Guo Chen, He Yutao, Shi Zhitian, Wang Lin
The Second Affiliated Hospital of Kunming Medical University, Kunming 650101, China.
The Second Affiliated Hospital of Kunming Medical University, Kunming 650101, China.
Int J Surg Case Rep. 2025 Apr;129:111165. doi: 10.1016/j.ijscr.2025.111165. Epub 2025 Mar 17.
Combined hepatocellular cholangiocarcinoma (cHCC-CCA) is a rare hepatic malignancy featuring both hepatocellular carcinoma (HCC) and cholangiocarcinoma (CCA) components, often leading to poor prognosis owing to its clinical complexity.
A middle-aged man presented with sudden abdominal pain and unexplained weight loss, leading to an initial diagnosis of CCA. The patient underwent laparoscopic left hepatectomy and lymph node dissection, and postoperative pathology confirmed cHCC-CCA with lymph node metastasis. Despite initial recovery, the disease recurred at 2 months and progressed to lung metastasis and multi-organ involvement by 7 months. Immuno-combination targeted therapy was ineffective, and the patient succumbed to the disease eight months after surgery.

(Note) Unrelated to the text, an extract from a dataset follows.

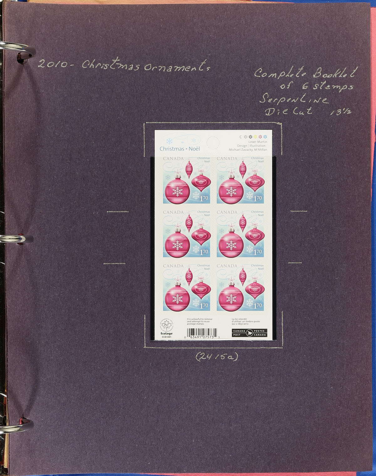 In-depth collection of primarily mint never hinged low value "Beneficial Insects" definitives and "Christmas" issues, October to November of 2010, covering Unitrade #s 2406-2415, all in hingeless mounts in over 50 well described pages, housed in a binder. The collection contains a mint and used singles (including booklet stamps), multiples, matched set of plate blocks (mint and used), for most issues, along with sheetlets, booklets, and first day covers. Face value alone totals $150.00 (including 53x "P" stamps). A nice collection that would be difficult to duplicate. 2024 Unitrade =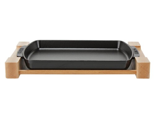 【GWもあす楽】ストウブ 鍋 Staub ステーキプレート 1205223/40509-523-0 ブラック PALTO SERVICIO RECTANGULAR CON BASE DE MADERA Plato rectangular base madera Black IH対応 [glv15] あす楽

This case highlights the diagnostic and therapeutic challenges of cHCC-CCA, including its histological complexity, high recurrence rate, and limited treatment efficacy. Despite surgical resection, early recurrence and rapid progression to pulmonary metastasis were observed, emphasizing the need for improved treatment strategies for this condition. The failure of immune checkpoint inhibitors and targeted therapy suggests the need for alternative or combined therapeutic approaches.
Future research should focus on integrating molecular profiling into treatment selection, optimizing adjuvant therapies, and exploring novel targeted or immunotherapy combinations to improve the long-term outcomes. This report contributes to the growing evidence on cHCC-CCA and underscores the urgency of developing precise diagnostic tools and personalized treatment strategies.
肝内胆管癌合并肝细胞癌(cHCC-CCA)是一种罕见的肝脏恶性肿瘤,兼具肝细胞癌(HCC)和胆管癌(CCA)成分,因其临床复杂性往往导致预后不良。
一名中年男性因突发腹痛和不明原因体重减轻就诊,初步诊断为CCA。患者接受了腹腔镜左肝切除术及淋巴结清扫术,术后病理确诊为cHCC-CCA伴淋巴结转移。尽管术后初期恢复良好,但疾病在2个月时复发,至7个月时进展为肺转移及多器官受累。免疫联合靶向治疗无效,患者术后8个月死于该疾病。
该病例凸显了cHCC-CCA在诊断和治疗方面的挑战,包括其组织学复杂性、高复发率及有限的治疗效果。尽管进行了手术切除,但仍观察到早期复发及迅速进展为肺转移,这强调了针对该疾病需要改进治疗策略。免疫检查点抑制剂和靶向治疗的失败表明需要替代或联合治疗方法。
未来的研究应聚焦于将分子谱分析纳入治疗选择、优化辅助治疗以及探索新型靶向或免疫治疗组合,以改善长期预后。本报告为有关cHCC-CCA的不断增加的证据做出了贡献,并强调了开发精确诊断工具和个性化治疗策略的紧迫性。